Deputies personally on hook in false arrests; I ask county to care
Refusal to get judicial OK for arrests beforehand means that Hamilton County employees make themselves liable for tort under 42 U.S.C. § 1983
CHATTANOOGA, Tenn, Wednesday, Jan. 24, 2024 – Careless for deputies’ welfare. Heartlessly exposing men, women to personal liability and harm. Indifferent to the personal estates of county employees.
By David Tulis / NoogaRadio Network
The Hamilton County commission is disregarding the Tennessee constitution and black-letter law ban on general warrants, wherein deputies make misdemeanor arrests without a warrant.
This scheme is called general warrants, and is outlaw from the beginning of the republic and the state of Tennessee, founded in 1796, in the passage of the constitution. That is because the Christian elements in the constitution require respect of the presumed innocent person, the citizen or the member of the public who has absolute right not to be held to account by court, sheriff or jailer without a warrant.
The warrant requirement is intended to protect the citizen as much as the officer.
According to the Hamilton County sheriff’s department website, 2,260 misdemeanor arrest were made by deputies, probably many of them requiring a warrant.
The department, according to recent report, is 60 deputies short. How can the county gain employees when the policy of the county commission and sheriff’s department is illegal, and the onus for false imprisonment and false arrest is on the deputy?
That means that a false imprisonment or false arrest harm redounds to the deputy. That is to say, his estate, his family, his property, his assets are all put at risk by county policy.

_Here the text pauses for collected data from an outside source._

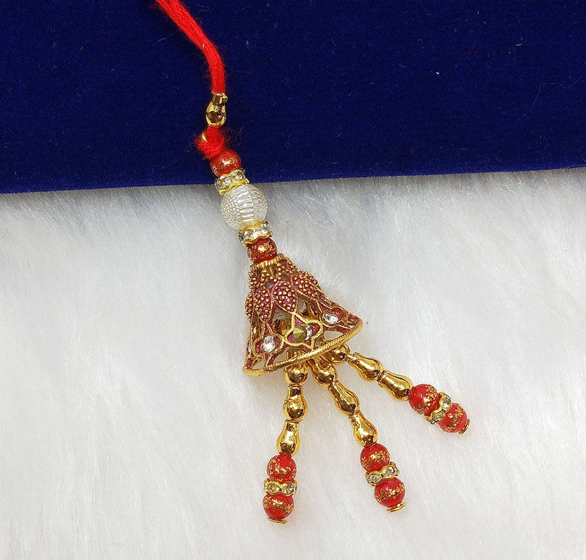 The Ethnic Red Jhumkha Bhabhi Lumba Rakhi is bold and beautiful. Featuring ethnic red jhumkhas, this Rakhi adds a vibrant pop of color, perfect for those who love lively and festive designs. The intricate detailing and traditional craftsmanship make it a standout piece.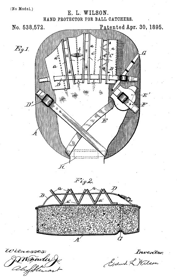 This invention by Edmond Wilson in 1895 sought to eliminate the hand being enclosed in the manner of the standard catching mitts of the day. He stated that since baseball was a summertime sport the build up of moisture and sweat on the hand would decrease the usefulness and playability of the leather and cause the player great discomfort. To improve the usefulness and efficiency of the catchers mitt, Wilson designed a mitt with leather retainers and straps to replace normal finger stalls. This would allow the fingers to stay open to the air.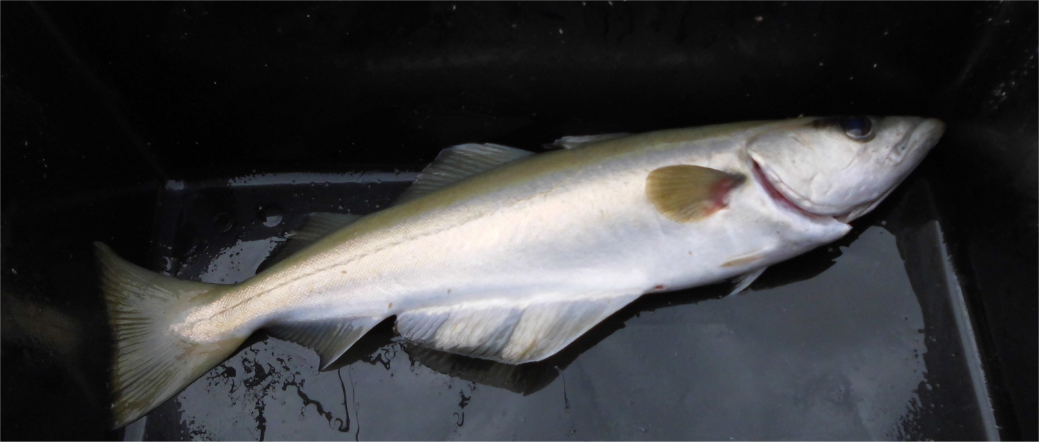 Als dann der Wind um einiges wieder zunahm, stellten wir um auf Naturköder. Hierzu ließen wir uns sehr weit driften. In Tiefen von ca. 20 bis 60 m erfolgten dann die Bisse. Zaghaft und vorsichtig. Was sich aber an die Oberfläche traute, waren halbstarke Lengs bis etwa 80 cm.

I put the county on administrative notice April 15, 2020, about the requirements of the constitution and T.C.A. § 40-7-103, grounds for arrest by officer without warrant. I put magistrate Lorrie Miller on the same notice. I put Coty Wamp on administrative notice about this breach, and she retorted with a question: Do I really expect the deputy or officer to let the person go, run to the magistrate, get a warrant and then have to find the person? She was HCSO counsel at the time I addressed her; since she gained ascendancy after an election as district attorney.
Yes, arrest is a complicated and time-consuming process. The multiple steps are required in view of what the constitution considers the sanctity of the right to be left alone. As Americans, we have the right to be left alone. The constitution makes a big deal of being arrested. Arrest, seizure, caging, chaining or cuffing, imprisonment, stripping of one’s clothes or even containment in a holding area for 72 hours prior to meeting a magistrate is a terrible and terrifying thing, An arrest might take all day. An arrest might consume a cop or deputy’s Thursday and Friday if he cannot find his mark or is troubled by the magistrate’s questions at the required examination of the accuser’s claims.
The case Tulis v. Orange demands of federal court an injunction against the city of Franklin for my causeless and warantless arrest Nov. 6, 2021. I am suing its cop, William Orange, and others. The court is fully brief on the “public offense” standard for warrantless arrest.
In short, if a person is not involved in a public offense, the officer or complainant must obtain a warrant before a magistrate. A public offense is one in the nature of a riot, affray, disturbance, breach of the peace, a disorder that has a public face and causes people in the context to feel uneasy or threatened.
My arrest traveling with a damaged taillight in no way is a public offense. It may be a breach of an agreement I have with the department of safety to be a licensee and user of a motor vehicle under the rules of the road. But it is nowhere near a public offense meeting the test under 40-7-103.